5. Boundary & Configuration Validation

  • Dangerous config combinations: When two config values interact (e.g., CORS wildcard + credentials), test that dangerous combinations are rejected at startup — not silently accepted.
  • Missing config for optional features: When a feature depends on external config (SMTP host, API key), test what happens when the config is absent. The error message must name the missing config — not produce a cryptic connection failure.
  • Rate limit accounting: When a flow implicitly creates a counted resource (e.g., registration creates a verification token), and a rate limit counts those resources, the test must account for the implicitly-created resource.
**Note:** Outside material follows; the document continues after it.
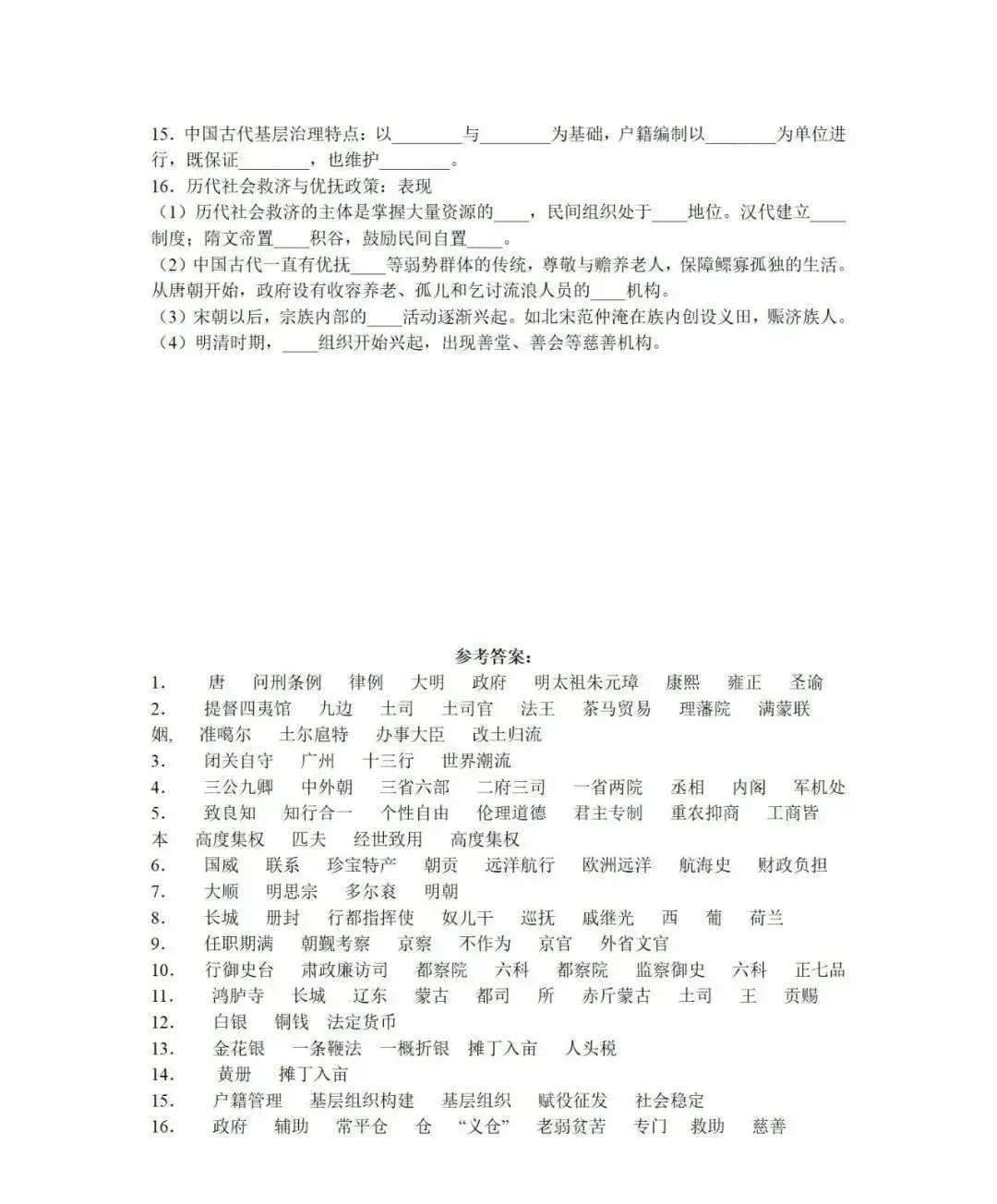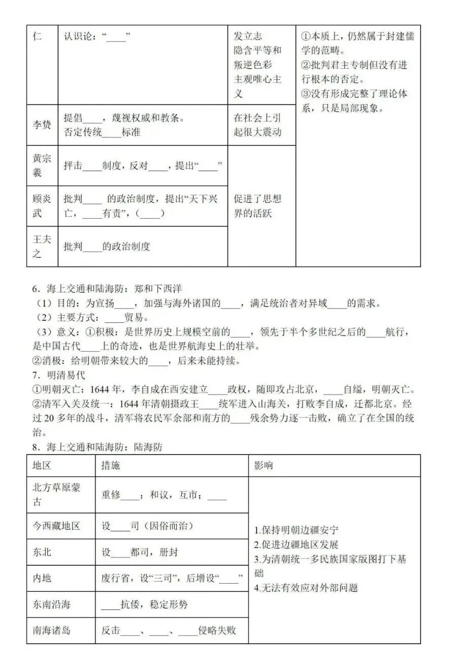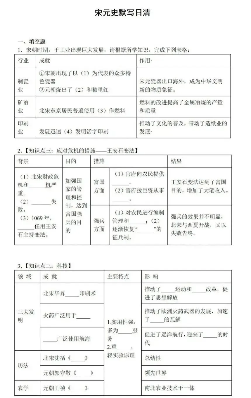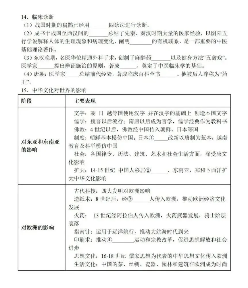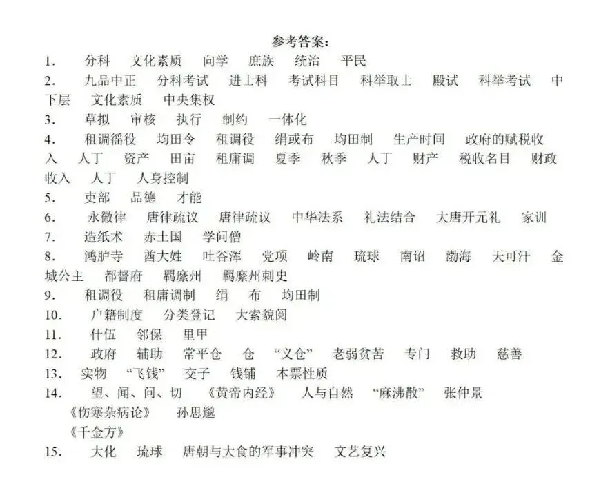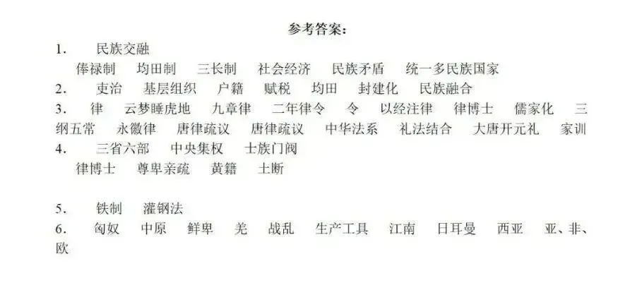 中国古代史专题知识默写,可打印! 中国古代史专题知识默写 免责声明 1.本公众号部分转载的文章、图文、视频来自网络,其版权和文责属原作者所有,若来源标注错误或侵犯到您的权益,烦请告知,我们将立即删除。 2.本公众号编辑部工作人员的原创文章,其版权属于我们微信公众号所属主体。 3.本公众号特约稿原创文章,其版权和文责属作者所有。 4.若要转载原创文章用于商业用途,请联系我们,未经同意不得转载。任何转载请注明文章来源。如有问题,请联系我们,谢谢! | 标签:高考历史 高中历史 | 来源:网络 | 商务合作微信:JJYYshangwu | 更多内容请关注微信公众号平台:高考历史 ID:gkls100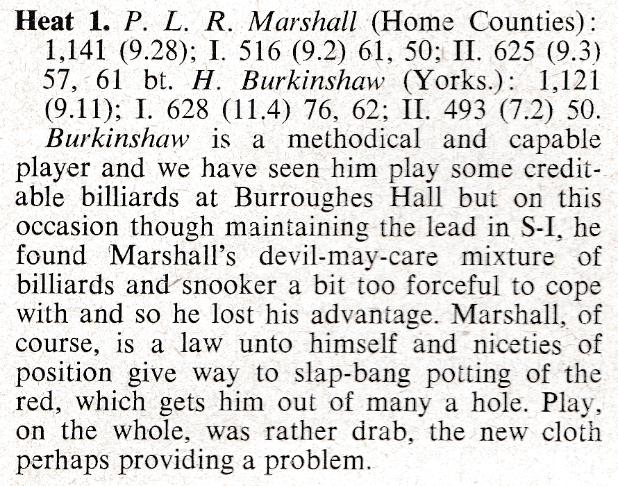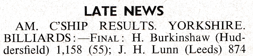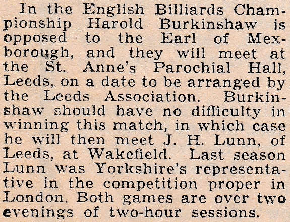 Only Harold Burkinshaw entered the English Amateur Billiards Championship this year from Huddersfield, and he played the Earl of Mexborough. He beat him and went on to play last years Yorkshire representative in the championship proper, Jack Lunn of Leeds. With no reports to refer to, I have looked in the Billiard Player magazine for information and found these two snippets. I should perhaps refer to the 250 magazines that Jack saved more often, as they do report on county championships and English qualifying games. They not only give us the scores but also a small report of the game and the writers’ opinion of the players – which is not always complimentary.

A limit of 3 with 1 implicit creation means 2 explicit attempts before the limit.
  • Schema version drift: When the application checks schema version at startup, test that the expected version constant matches the latest migration. A stale constant produces spurious warnings on every boot. 🔥 Found in bug hunts: expectedSchemaVersion was stale — startup always warned.
  • Unimplemented CLI flags must error: When a CLI flag is parsed but not yet implemented, the command must return an error — never log a warning and exit 0. A user running --dry-run expects either dry-run behavior or an explicit failure. Test every accepted flag to verify it either changes behavior or rejects the invocation. 🔥 Found in bug hunts: validate-feeds --dry-run logged "not yet implemented" then exited 0 with "all feeds valid" — misleading success.
  • Config endpoint secret redaction: When an admin or debug endpoint exposes configuration values, test that every field containing a secret (API keys, JWT secrets, database URLs, encryption keys, SMTP passwords) is redacted in the response — not just omitted. A refactoring that changes the redaction helper or adds a new secret field silently exposes credentials if there's no test asserting redaction. Test by comparing the response value against the actual secret. 🔥 Found in coverage review: adminConfigHandler calls redactSecret() on 10+ fields, but has 0% test coverage — a refactoring mistake could expose all secrets in plaintext.
  • Dependent config sub-field validation: When a config struct has a type/mode field that makes other fields required (e.g., pagination.type: cursor requires cursor_param and cursor_path), validate all dependent fields in the Validate() method — not just the type field itself. Test with a config that has a valid type but missing required sub-fields, and assert a validation error. An unchecked dependency can cause infinite loops (empty cursor param → fetch same page forever) or silent data loss. 🔥 Found in coverage review: generic feed Validate() checked pagination.type was valid but not that cursor_param/cursor_path were set — a misconfigured cursor feed could loop infinitely.

6. Data Lifecycle

  • Soft-delete filtering: Every query that lists or counts resources must be tested after a soft-delete. If deleted_at IS NULL is missing, soft-deleted records leak into results.
  • Expired record handling: Queries filtered by expires_at > now() must be tested with expired records present — verify they're excluded, and verify cleanup jobs remove them.
  • Duplicate detection: When a resource should be unique within a scope (e.g., one pending invitation per email per org), test that creating a duplicate is rejected — not silently accepted. 🔥 Found in bug hunts: createInvitationHandler allowed duplicate pending invitations.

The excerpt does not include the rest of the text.